== Exercise directions ==
The lines below from the one with "aspetto molto più" up to and including the one with "Thiết kế đầu" are what you should set down, exactly and without pictures.

== Study material ==

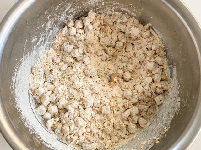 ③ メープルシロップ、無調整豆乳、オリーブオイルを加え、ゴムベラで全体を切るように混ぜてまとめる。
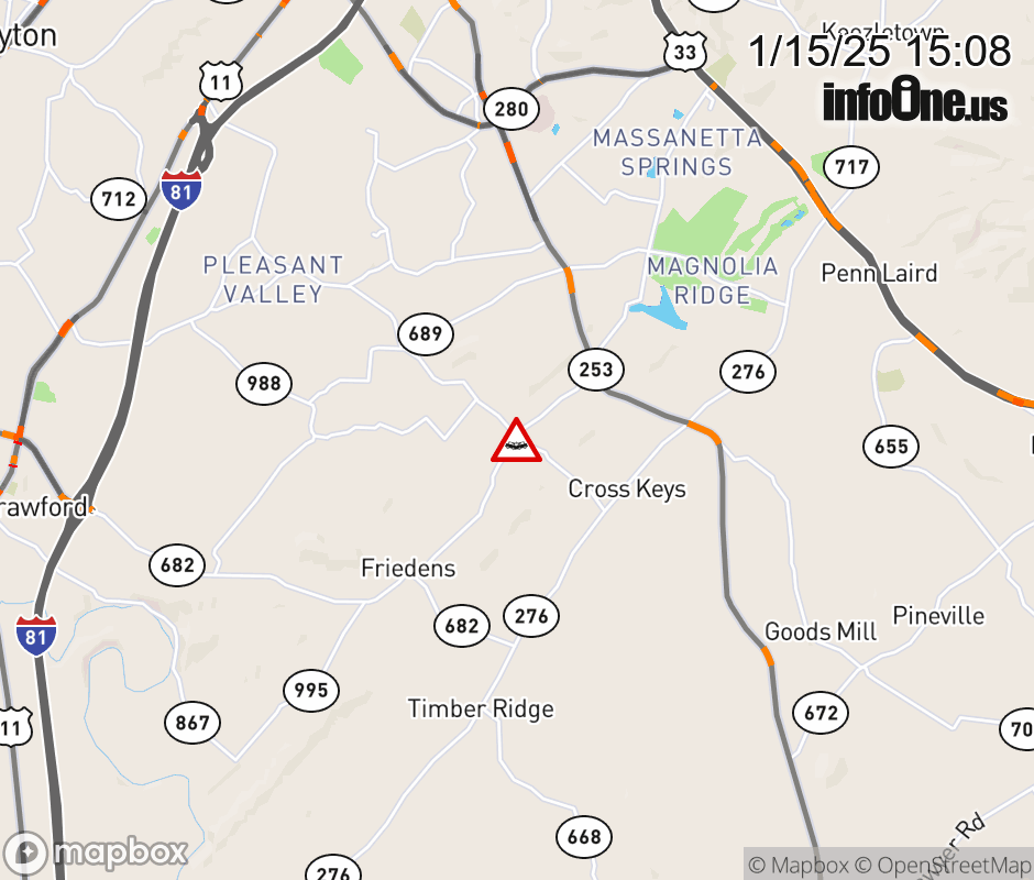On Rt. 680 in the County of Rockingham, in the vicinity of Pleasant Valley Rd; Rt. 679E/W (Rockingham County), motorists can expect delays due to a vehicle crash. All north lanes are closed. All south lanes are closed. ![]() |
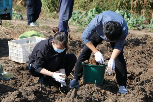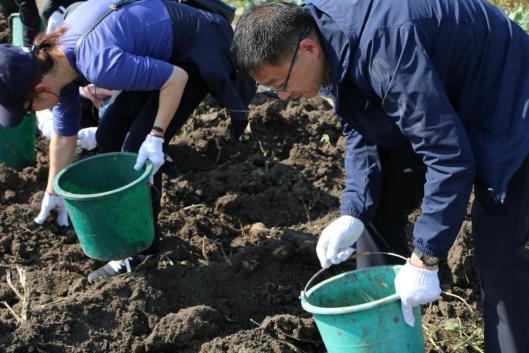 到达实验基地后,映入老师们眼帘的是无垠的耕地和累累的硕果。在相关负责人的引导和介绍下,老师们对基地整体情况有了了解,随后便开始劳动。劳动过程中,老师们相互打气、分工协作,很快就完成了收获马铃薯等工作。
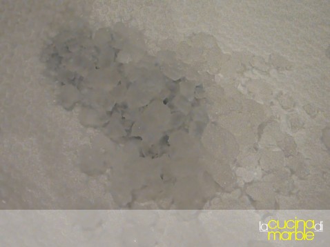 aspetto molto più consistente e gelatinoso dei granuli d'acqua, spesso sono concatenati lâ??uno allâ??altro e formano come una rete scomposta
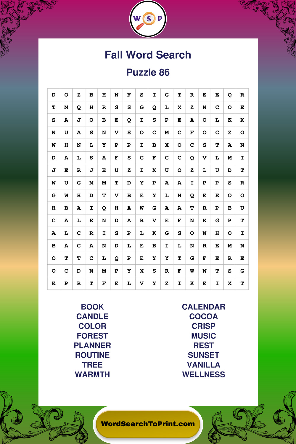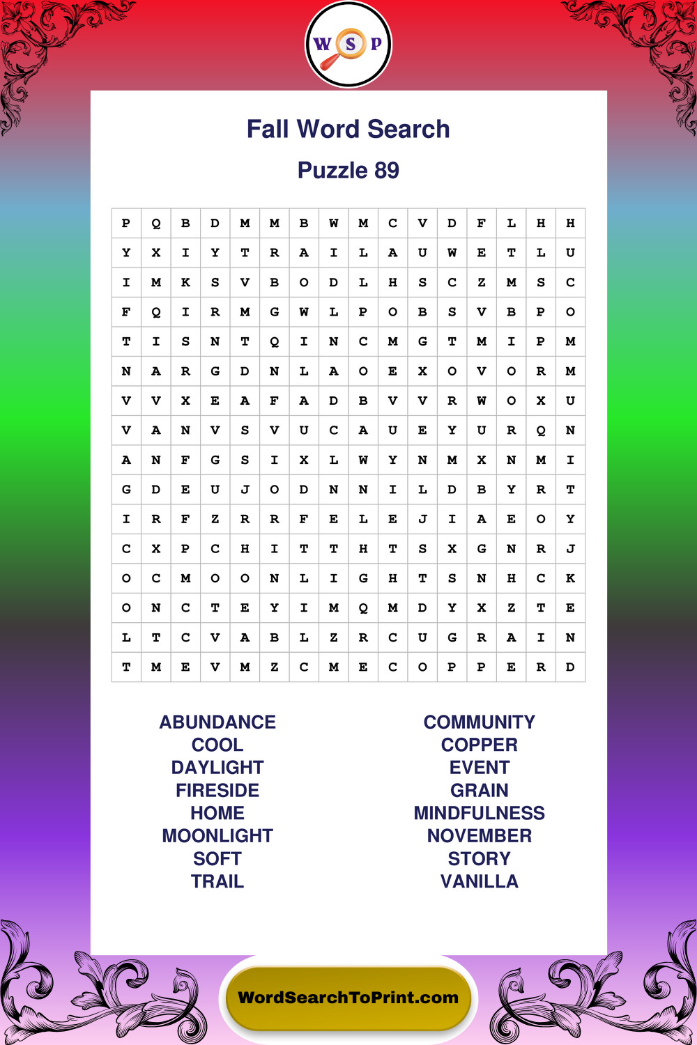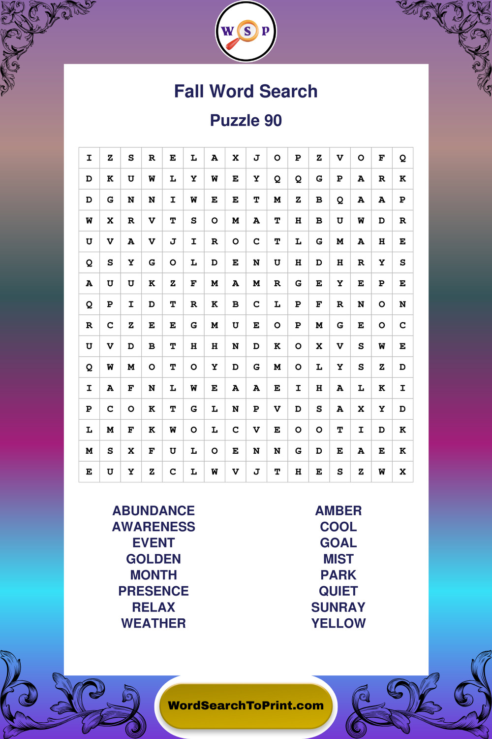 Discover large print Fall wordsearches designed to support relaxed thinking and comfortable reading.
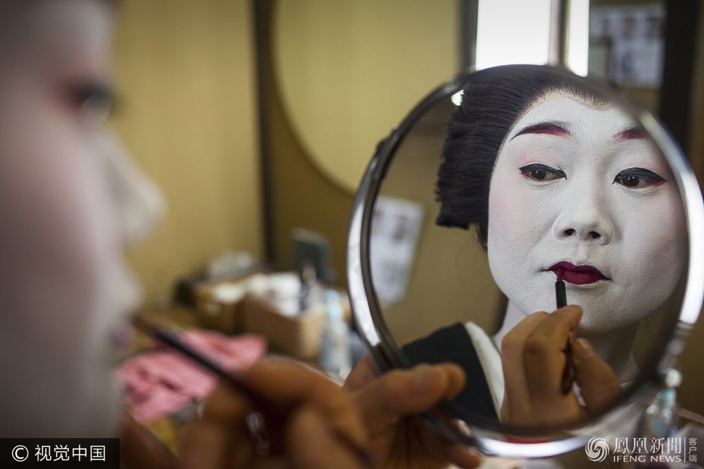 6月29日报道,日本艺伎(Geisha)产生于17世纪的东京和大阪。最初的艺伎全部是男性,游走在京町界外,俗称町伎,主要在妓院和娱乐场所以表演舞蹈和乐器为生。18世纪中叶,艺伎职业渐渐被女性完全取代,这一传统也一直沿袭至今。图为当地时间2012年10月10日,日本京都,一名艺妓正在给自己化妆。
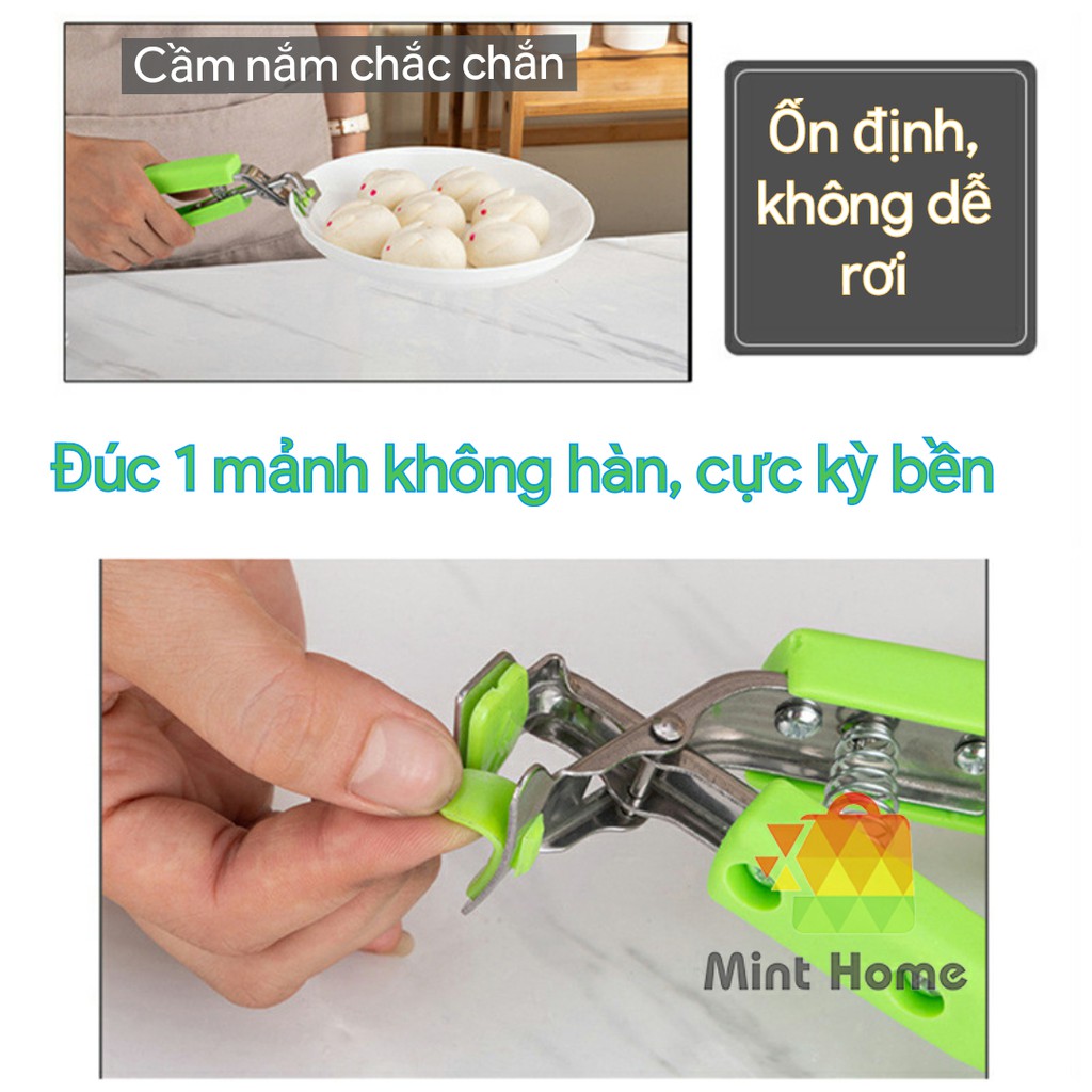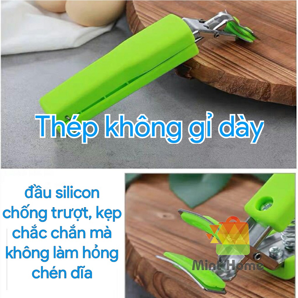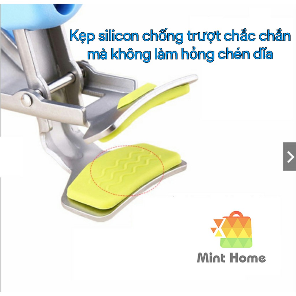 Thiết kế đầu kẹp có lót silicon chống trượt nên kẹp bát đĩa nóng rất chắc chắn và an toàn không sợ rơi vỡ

==

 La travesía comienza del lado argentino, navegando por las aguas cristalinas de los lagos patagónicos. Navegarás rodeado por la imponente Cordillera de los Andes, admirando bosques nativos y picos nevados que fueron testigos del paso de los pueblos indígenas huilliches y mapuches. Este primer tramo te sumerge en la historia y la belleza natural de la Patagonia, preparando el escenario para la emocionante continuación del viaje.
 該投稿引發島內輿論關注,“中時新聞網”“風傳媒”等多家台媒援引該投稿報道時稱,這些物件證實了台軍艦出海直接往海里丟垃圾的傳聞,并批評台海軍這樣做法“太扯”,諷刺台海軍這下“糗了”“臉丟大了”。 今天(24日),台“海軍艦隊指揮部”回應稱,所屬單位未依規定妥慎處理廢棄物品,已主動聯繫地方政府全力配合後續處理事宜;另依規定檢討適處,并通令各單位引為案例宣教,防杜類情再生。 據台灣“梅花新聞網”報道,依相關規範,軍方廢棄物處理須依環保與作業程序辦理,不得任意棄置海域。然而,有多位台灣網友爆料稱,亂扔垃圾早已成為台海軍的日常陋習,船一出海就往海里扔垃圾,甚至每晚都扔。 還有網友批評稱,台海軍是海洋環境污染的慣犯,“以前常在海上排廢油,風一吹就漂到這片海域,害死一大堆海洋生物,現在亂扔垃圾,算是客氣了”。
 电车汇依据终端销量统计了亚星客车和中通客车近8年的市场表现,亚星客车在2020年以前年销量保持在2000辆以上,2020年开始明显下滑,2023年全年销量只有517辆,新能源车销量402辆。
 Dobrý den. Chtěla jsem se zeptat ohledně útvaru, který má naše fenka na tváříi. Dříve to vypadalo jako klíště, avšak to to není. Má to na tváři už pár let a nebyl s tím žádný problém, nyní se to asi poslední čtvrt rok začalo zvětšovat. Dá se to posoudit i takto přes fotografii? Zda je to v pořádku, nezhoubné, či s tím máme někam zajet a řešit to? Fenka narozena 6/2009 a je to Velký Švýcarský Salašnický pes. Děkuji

--

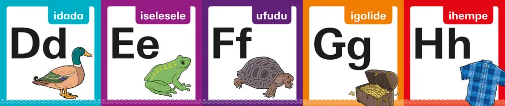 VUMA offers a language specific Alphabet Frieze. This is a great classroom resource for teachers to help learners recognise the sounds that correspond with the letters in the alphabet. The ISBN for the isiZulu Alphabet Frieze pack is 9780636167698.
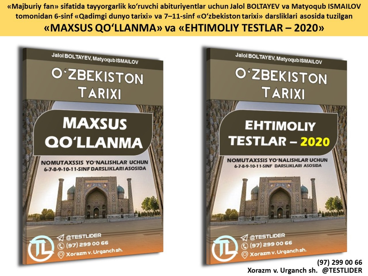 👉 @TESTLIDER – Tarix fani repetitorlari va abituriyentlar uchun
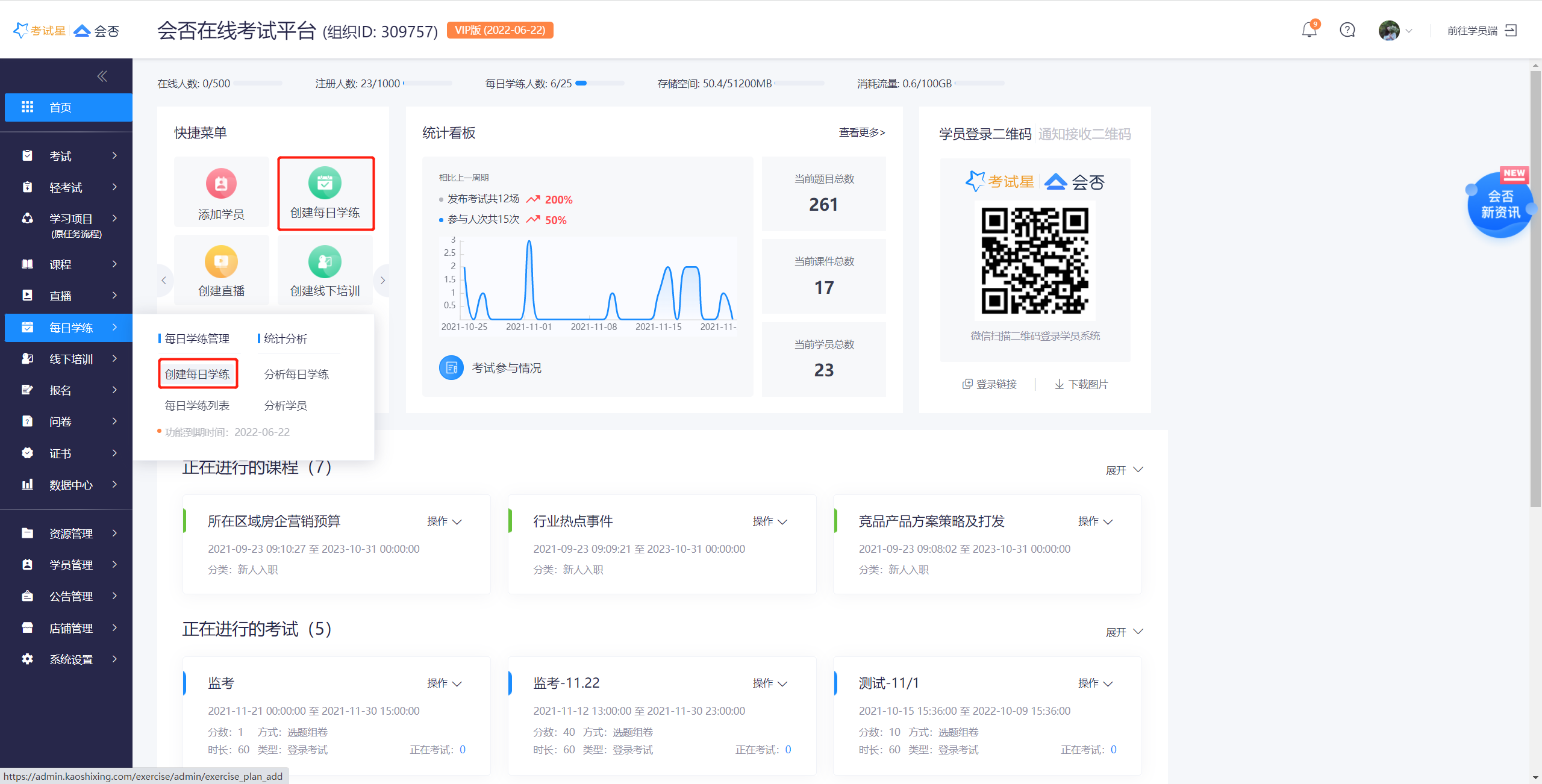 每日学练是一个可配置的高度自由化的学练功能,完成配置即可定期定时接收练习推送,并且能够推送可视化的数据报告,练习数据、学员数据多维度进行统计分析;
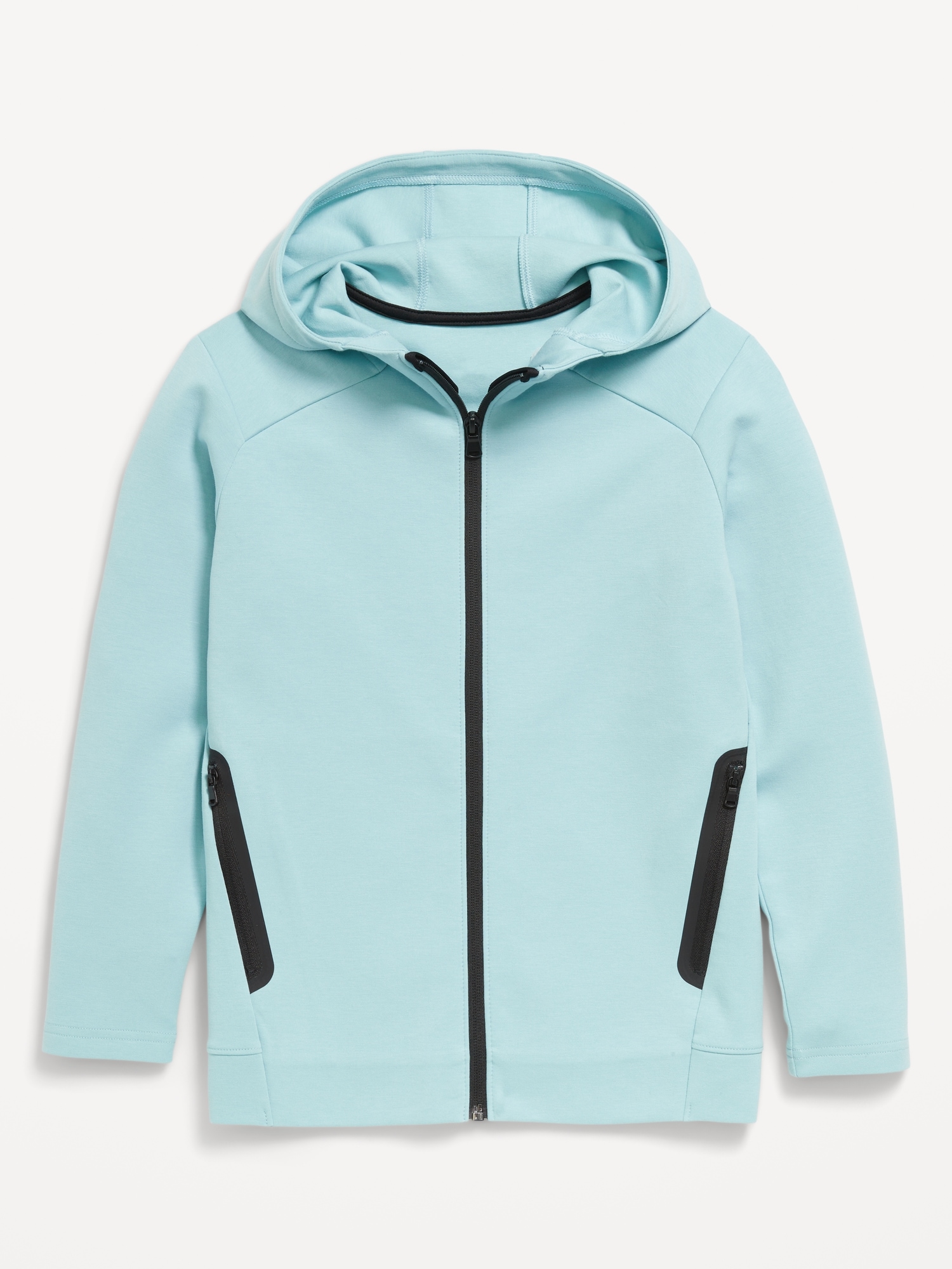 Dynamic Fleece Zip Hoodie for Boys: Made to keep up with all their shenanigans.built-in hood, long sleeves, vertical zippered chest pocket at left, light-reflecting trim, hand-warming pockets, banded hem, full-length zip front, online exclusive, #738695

== Output for this task ==
 aspetto molto più consistente e gelatinoso dei granuli d'acqua, spesso sono concatenati lâ??uno allâ??altro e formano come una rete scomposta
 Discover large print Fall wordsearches designed to support relaxed thinking and comfortable reading.
 6月29日报道,日本艺伎(Geisha)产生于17世纪的东京和大阪。最初的艺伎全部是男性,游走在京町界外,俗称町伎,主要在妓院和娱乐场所以表演舞蹈和乐器为生。18世纪中叶,艺伎职业渐渐被女性完全取代,这一传统也一直沿袭至今。图为当地时间2012年10月10日,日本京都,一名艺妓正在给自己化妆。
 Thiết kế đầu kẹp có lót silicon chống trượt nên kẹp bát đĩa nóng rất chắc chắn và an toàn không sợ rơi vỡ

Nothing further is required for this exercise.